Seasonalized Time Series Regression Forecasting Details

 

1.                  Determine the order of seasonality (m) via inspection of the data, and via inspection of the time series plot.  In the case of this problem, it is four.

2.                  For each unique season, compute a seasonal index (SI), by dividing the average demand for each unique season by the average demand for all periods.  In the case of this problem, the four seasonal indices are 0.8228, 1.1089, 1.2581 and .8103.

3.                  The actual demand is then deseasonalized by dividing the actual demand by its seasonal index.

4.                  The above step filters out seasonality and isolates the trend.  In this case, it is noticed that the trend is nonlinear.

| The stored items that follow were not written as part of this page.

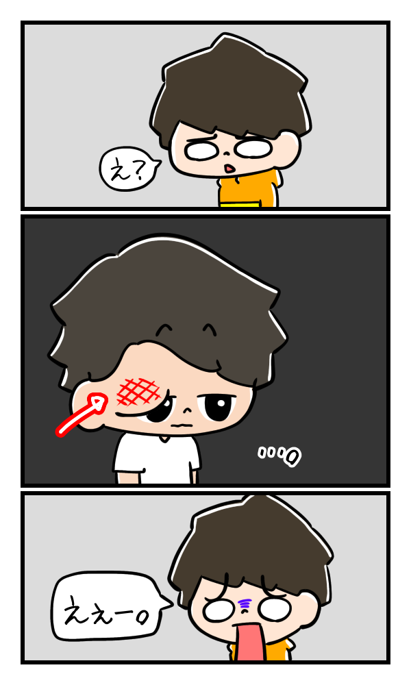 手足だと言われなければ気づかないだろうし、胴体だったら服に隠れています。首なんかでも気にして見ないとわからないでしょう。だけど目は一発でわかります。頬やおでこなんかよりも目立つ気がしています。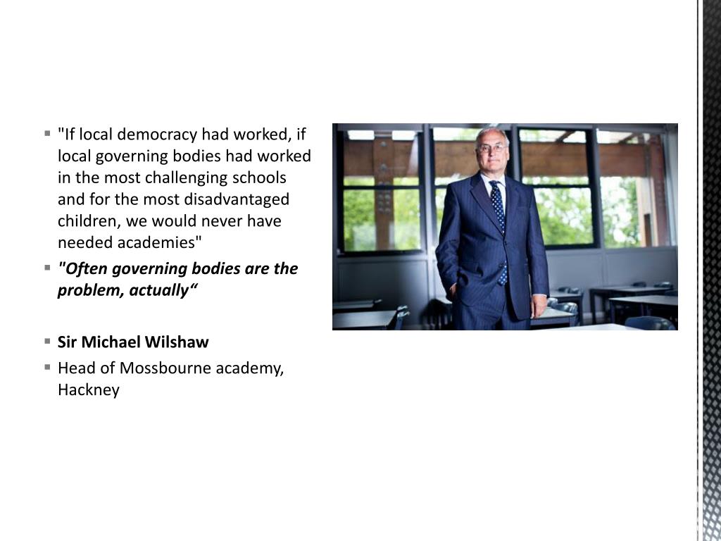 "If local democracy had worked, if local governing bodies had worked in the most challenging schools and for the most disadvantaged children, we would never have needed academies" • "Often governing bodies are the problem, actually“ • Sir Michael Wilshaw • Head of Mossbourne academy, Hackney
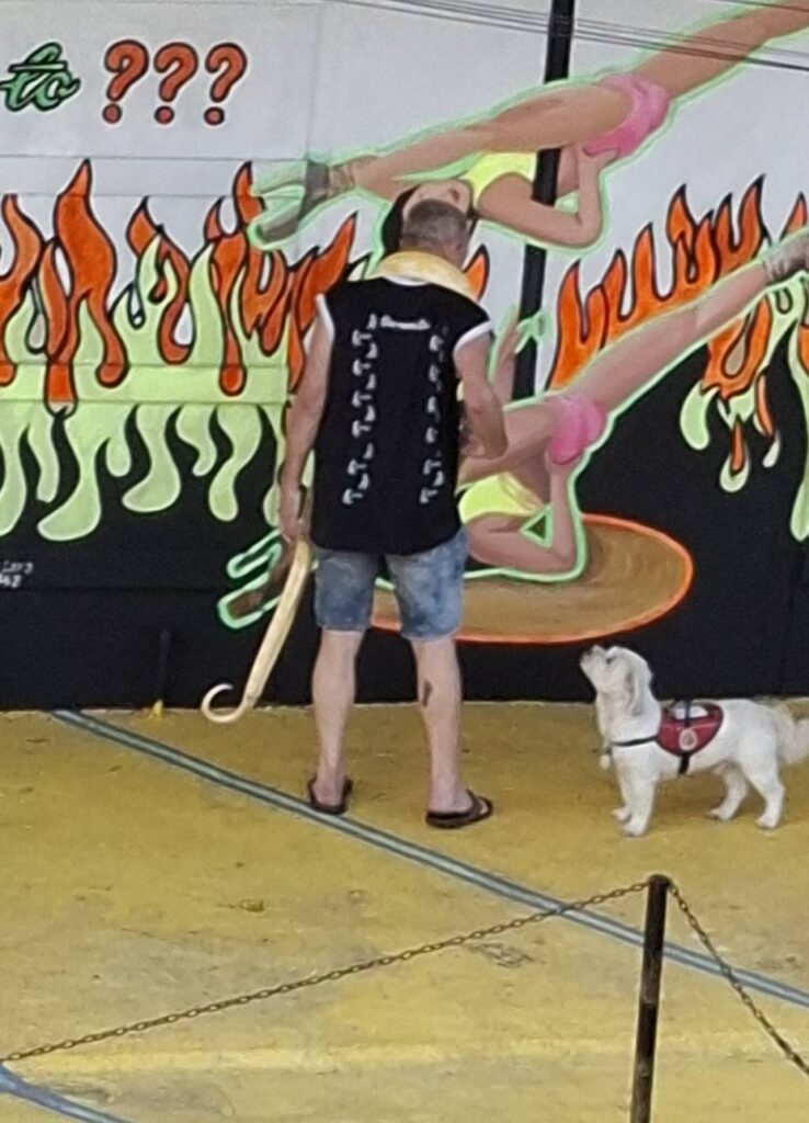 I was on my own in town yesterday, and started things off at the familiar Cheap Charlies. I took my usual seat facing the highway, and lo and behold, Hot Zone owner Jay came outdoors with his pet.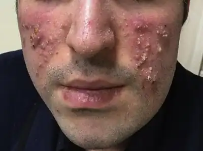 Presentation of multiple pustular and nodulocystic lesions on cheeks and neck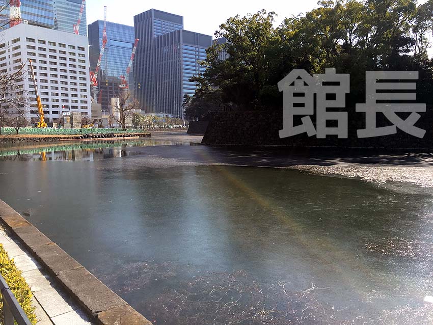 で、次は凍った皇居のお堀!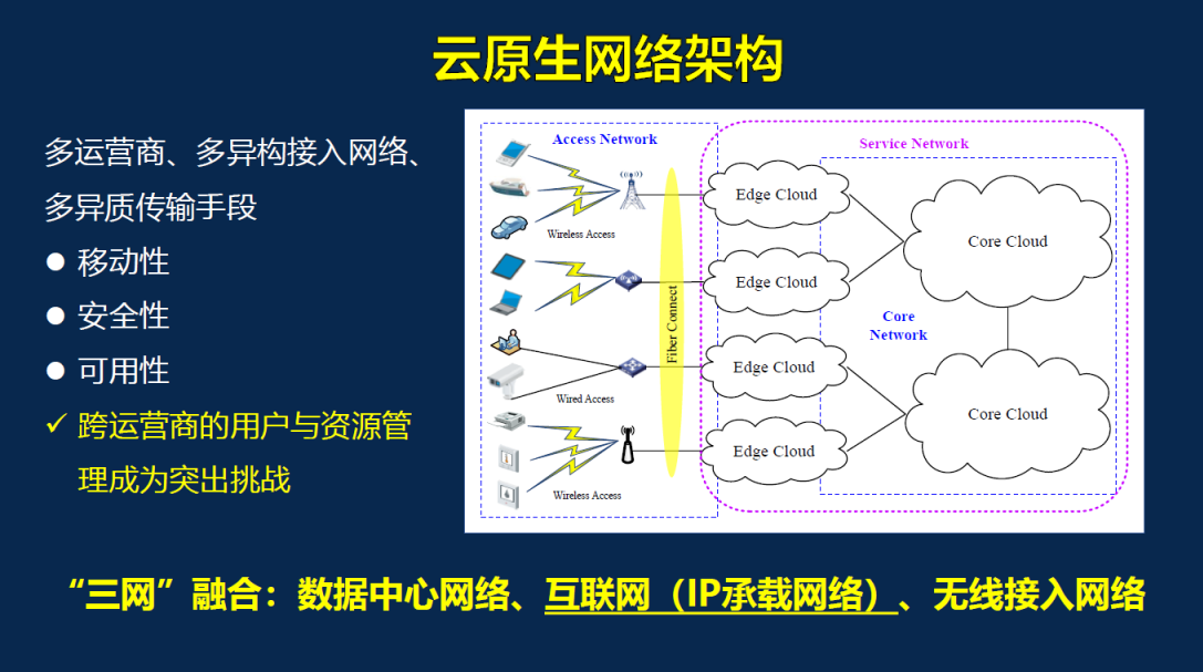 为解决上述问题,于全院士团队提出了云原生网络架构,以核心云和边缘云来构建骨干网,设备通过接入边缘云来接入网络。其核心思想是基于云而不是路由器来构建网络,网络主要解决的是云服务问题,其主要功能变成了云边端的智能协作。针对边缘侧的多运营商、多异构接入、多异质传输带来的移动性、安全性和传输可靠性的挑战,该成果提出了基于网络孪生的云原生网络架构。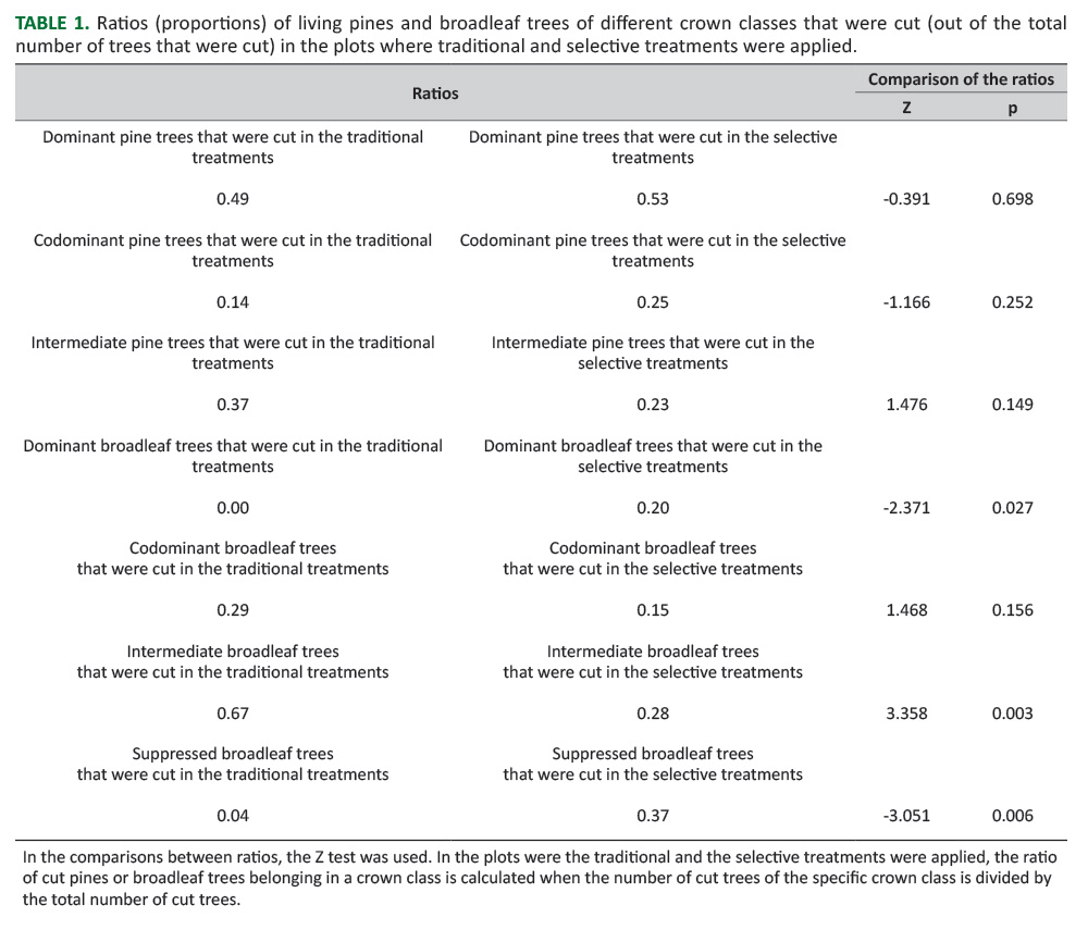 In the plots where the traditional and the selective treatments were applied, the ratio (proportion) of cut pines or broadleaf trees belonging in a crown class is calculated when the number of cut trees of the specific crown class is divided by the total number of cut trees. In the comparisons between ratios, the Z test was used [21], while in the comparisons between basal areas the t test was used.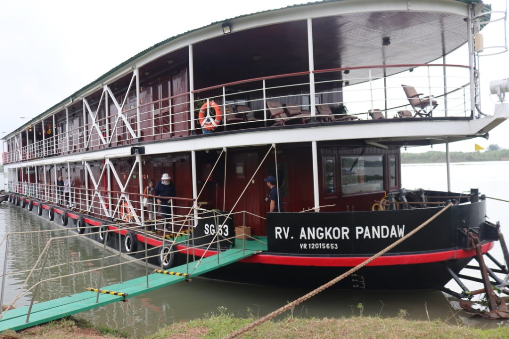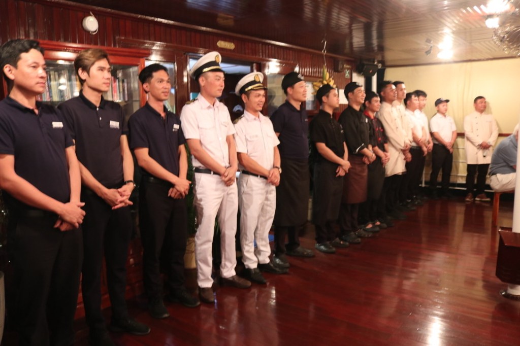 In the evening we had a local song and dance crew come on board. They were not professionals but clearly enjoyed performing. Again it was a first for Pandar and tow officials from the local party attended. The songs inevitably were about sons who had gone to war and the mother waiting for them to return. Given the length of the war and the privations after it, it is not surprising that this is the focus of local songs and dances. As we were expecting at the end we were all invited to dance. The ‘officials’ stood back from this and were very reluctant to take part but were dragged onto the floor by some of the Pandar guests and could hardly refuse. But they disappeared quite soon afterwards. It was a great night and at the end – as in town earlier in the day – they were keen to have photographs taken with us. We lingered in the deck for a while having a drink once it had finished just savouring the very full day. Htun was around to serve us whisky and Baileys.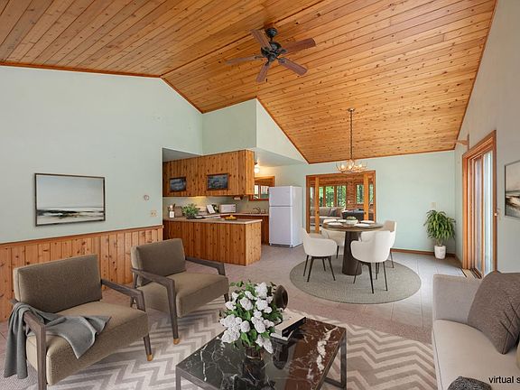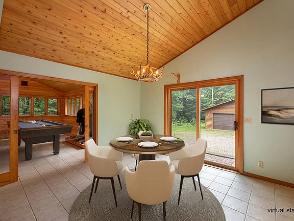 Your next adventure awaits you right from your front door at this property located right in the heart of "up north" recreation and wilderness. This serene Northwoods escape features two bedrooms, one bathroom, a hot tub entertainment room, and open concept living/dining/kitchen, all with in floor zoned heating to keep the chill out of the air all year round. If that's not enough, the wood burning fireplace will make sure to keep you toasty. The cedar sided home sits on over 5 acres with both woods and open space so privacy and wildlife are abundant. Be sure to view the activity from the best spot around, the screened in tree house! Property is close to ATV/UTV and snowmobile trails; located just down the road. The oversized FOUR CAR garage has plenty of room for all of your toys. The 5 acres is like a private nature preserve w/a mix of hardwoods including oak, maple, and evergreens. Add to this an incredibly efficient heating system to keep costs down ... so you have MORE cash to play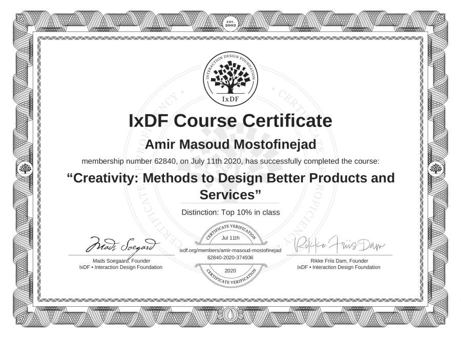 Amir Masoud Mostofinejad's IxDF Course Certificate: Creativity: Methods to Design Better Products and Services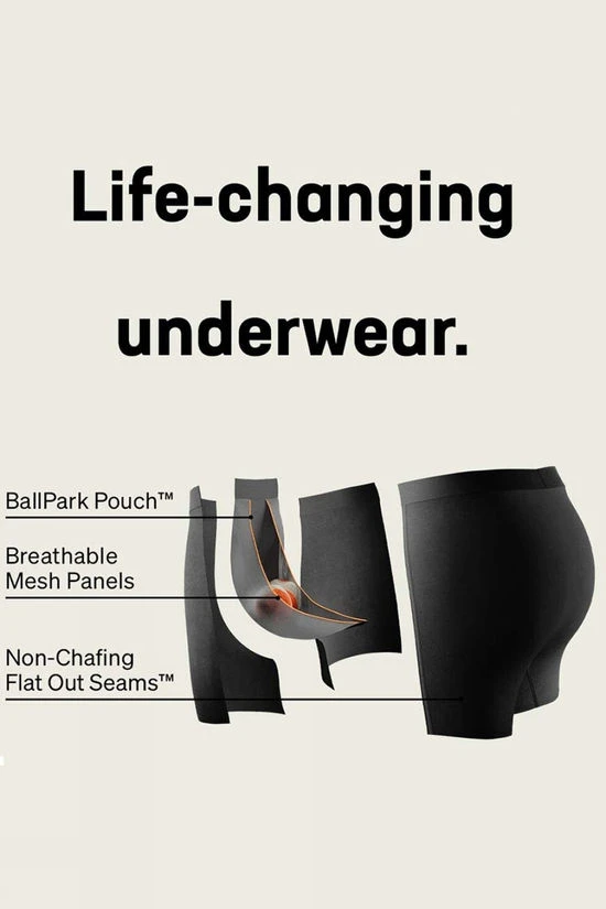 The Kinetic HD style is a stealth superhero; incorporating comfort, support, and security to enhance your movement. Taking a 360-degree view of the body, Saxx consider fit, feel and function, and use nine panels of fabric to create three-dimensional shaping around your glutes, thighs, quads and hamstrings, including the built-in mesh panels of the BallPark Pouch. Ideal for up-tempo training, carido, recreational activities or just lounging about on the sofa, make the Saxx Kinetic HD Boxer Brief your new everyday go to.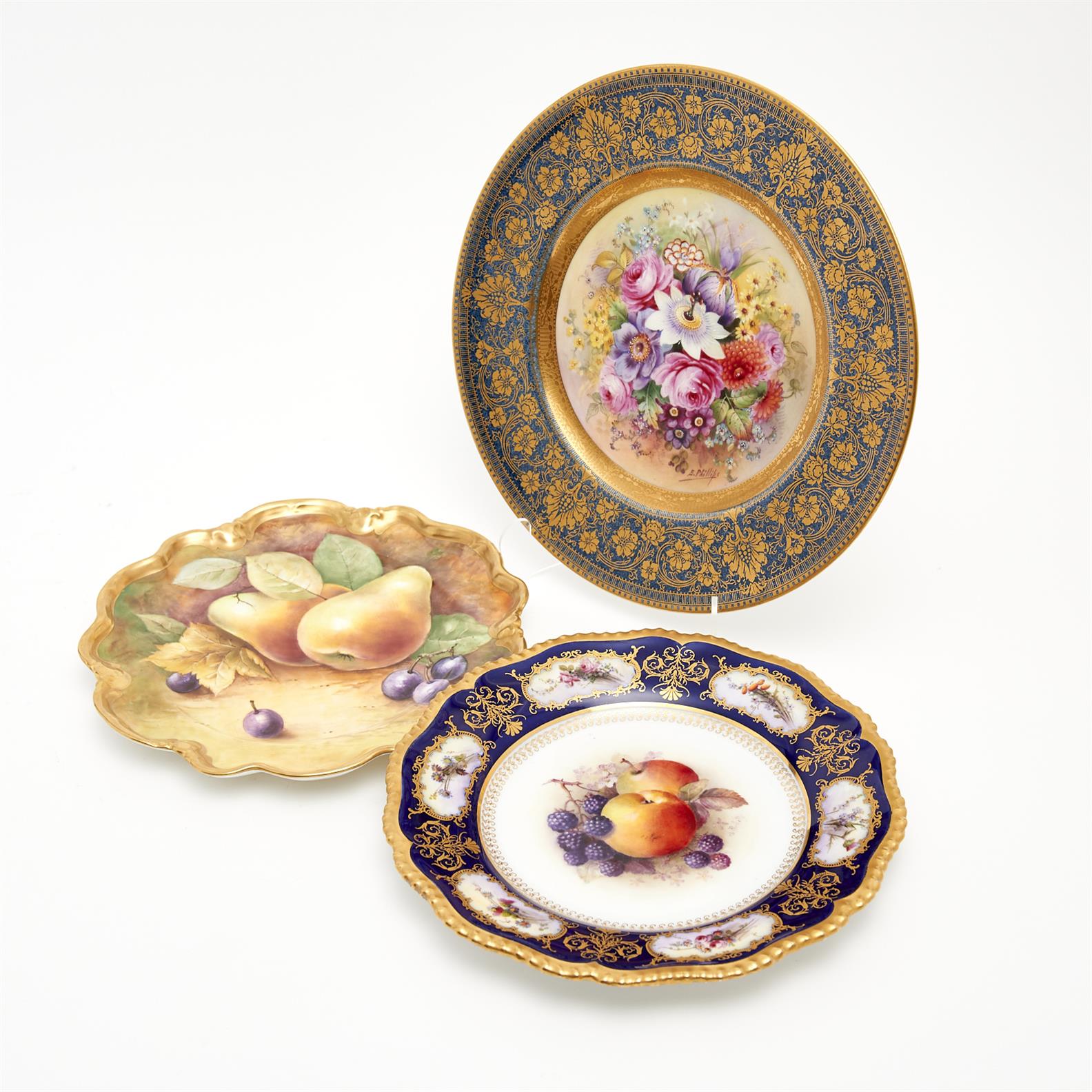THREE CABINET PLATES INCLUDING TWO ROYAL WORCESTER AND ONE COALPORT - ONE ROYAL WORCESTER SIGNED E. PHILLIPS, THE OTHER TWO WITH FRUIT AND BERRY DECORATION (A/F) DIA. 27.5CM (LARGEST) LEONARD JOEL DELIVERY SIZE: MEDIUM

5.                  Given the nonlinear trend, a quadratic model is chosen to describe the change in deseasonalized demand over time.  i” is used to note the period, while “Yi” is used to describe deseasonalized demand for period i.  As such, the following model is used for estimation of the deseasonalized, nonlinear trend:  Yi = a + bi + ci2.  Regression is used to find parameter values for a, b and c.  The parameter values are then used to “fit” the trend for the given data set.  For this problem, a = 995.56, b = 0.9768 and c = 0.3698.

6.                  Now that the trend component has been captured, it can be combined with the seasonal component to “fit” the estimated time series.  Multiplying the trend component computed directly above by the seasonal index for the appropriate period accomplishes this.

7.                  “Fits” have been computed.  Forecasts are made by extending the “fits” into the future.